Now a couple of anecdotes from Professor Appel. You know how many authors speak of how during the process of writing a novel, the characters "take over" the plot and "do things" the author hadn't expected or intended? Apparently someone once asked Nabokov if he'd ever experienced this occurrence which is said to be so common to writers, and he answered "heavens no, it sounds perfectly horrifying." If you've ever read his Pale Fire I think you'll really understand this. I think perhaps Nabokov's books are best approached as something like puzzles: this isn't novel writing or storytelling as we're used to thinking of it. Every word is there with a purpose, part of a plan.

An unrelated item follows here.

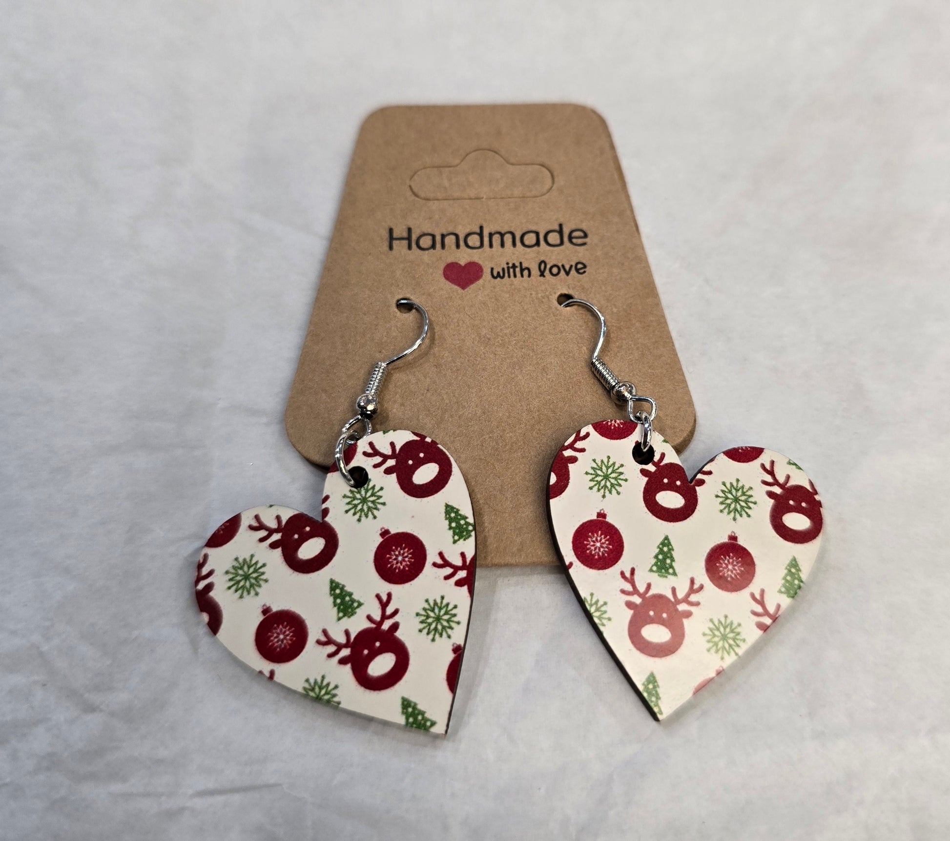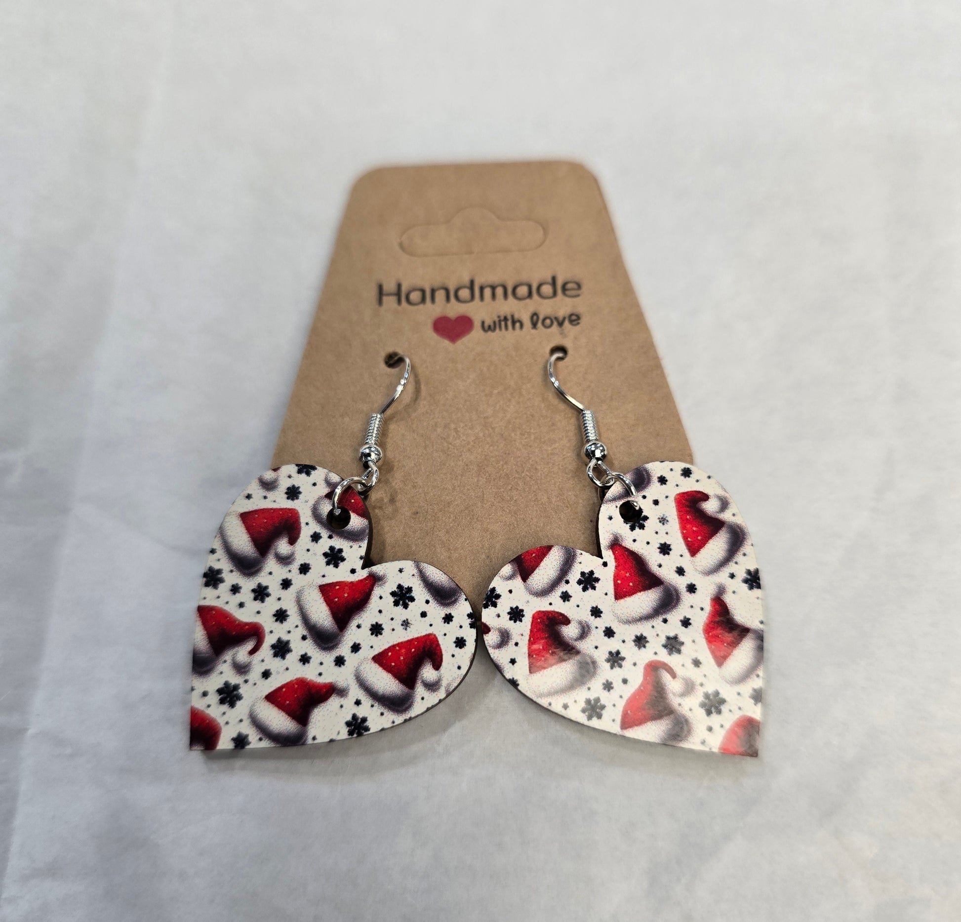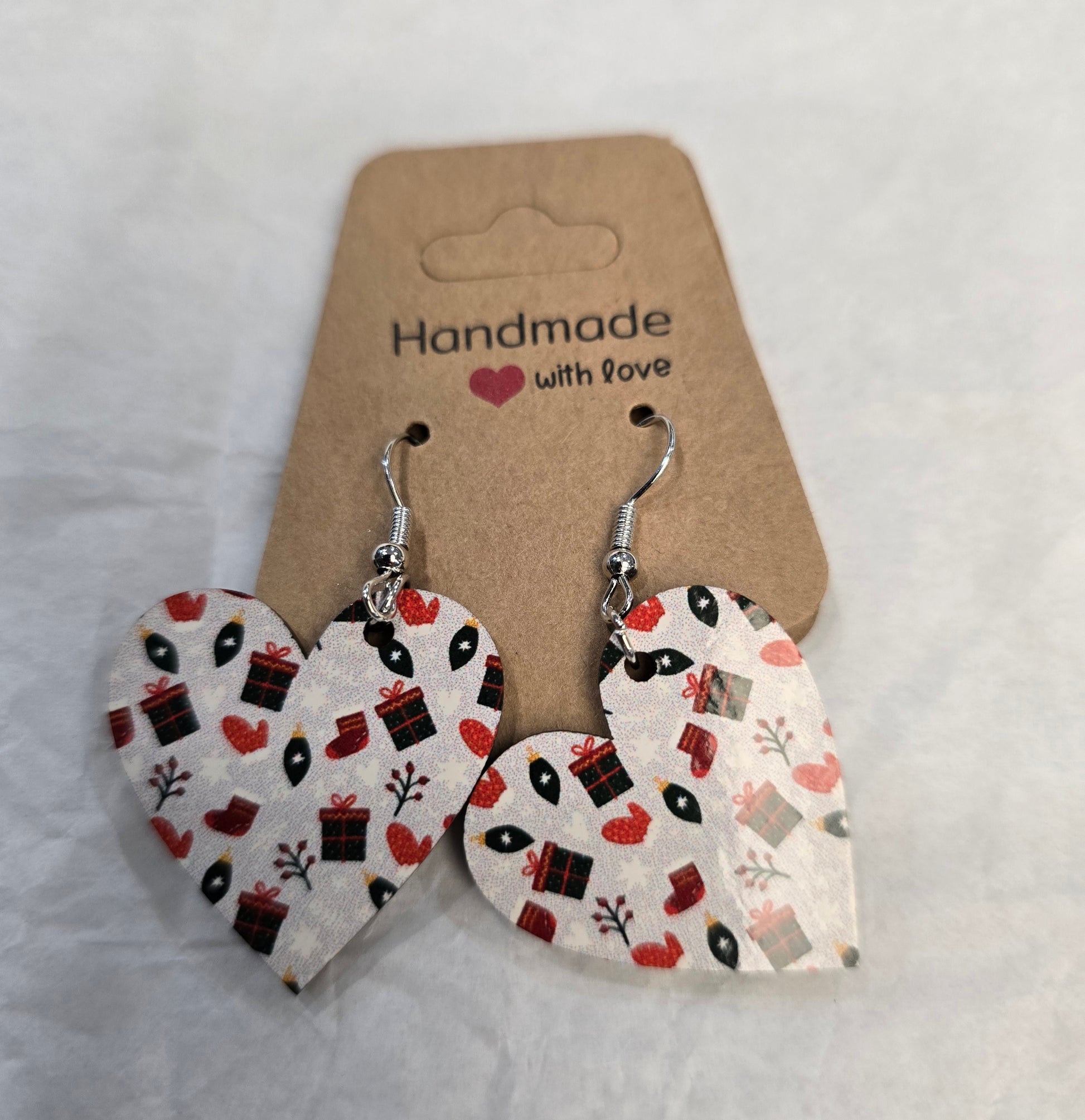 Orecchini in cartone pressato con stampa Natalizia da entrambi i lati con gancio a monachella argento da infilare nel buco del lobo molto leggero misura 3 cm circa

The other anecdote. Due to the scandalous material of the story, Lolita ended up being published by the Olympia Press, which was generally known as a pornography publisher. All Olympia Press titles came out with the same plain green text-only cover. Now, (if I'm remembering this story correctly) Appel was in the army when he read Lolita, and once a fellow soldier saw the book, and taking it for porn, eagerly grabbed it and started reading aloud to the rest of the platoon. "Lolita, light of my life, fire of my loins. My sin, my soul. Lo-lee-ta: the tip of the tongue taking a trip of three steps... Awww shit, this ain't porn, it's goddamn littrachur!"
posted by dnash 16 August | 19:21
dnash, great comment. Appel did put these points in Annotated Lolita, but sadly you were not here to remind us about them when this thread was busier. Please do jump on for the next book.